According to the BBC, the French newspaper L'Express first reported about the conditions in November 2019, writing that for over a decade thousands of bodies were "left to decay in unsanitary conditions."

L'Express found that dozens of bodies were stored "nude, decomposing, piled up on gurneys, with their eyes wide open."

The scene of the bodies was described by L'Express as "a mass grave." Some of the bodies were stacked on top of each other and some were being nibbled on by rats.

Some of the bodies were also sold to private companies, including to be used as car crash tests, the report alleged. Additionally, some of the bodies were "so badly putrefied that they had to be incinerated without being dissected," the BBC reported.

According to the Guardian, prosecutors handed the investigation over to magistrates, who have broader power to investigate.

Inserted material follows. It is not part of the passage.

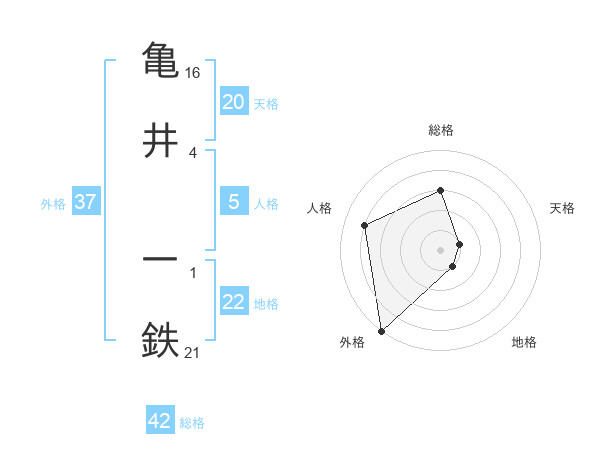 亀井 一鉄さんの外格は37画の5点!

"This is very good news," Frederic Douchez, a lawyer for families who pressed charges, said of the investigation of the case, according to the Guardian. Around 80 complaints about the situation have been made.

Back in November, the university admitted that the center did not meet expectations for "societal demands for respect for dignity," the BBC reported.

"Paris-Descartes University wishes to apologise to families about this situation," a statement on the university's website (in French) said. "The university wishes to clarify and reaffirms its full commitment to the dignity of donors and their families."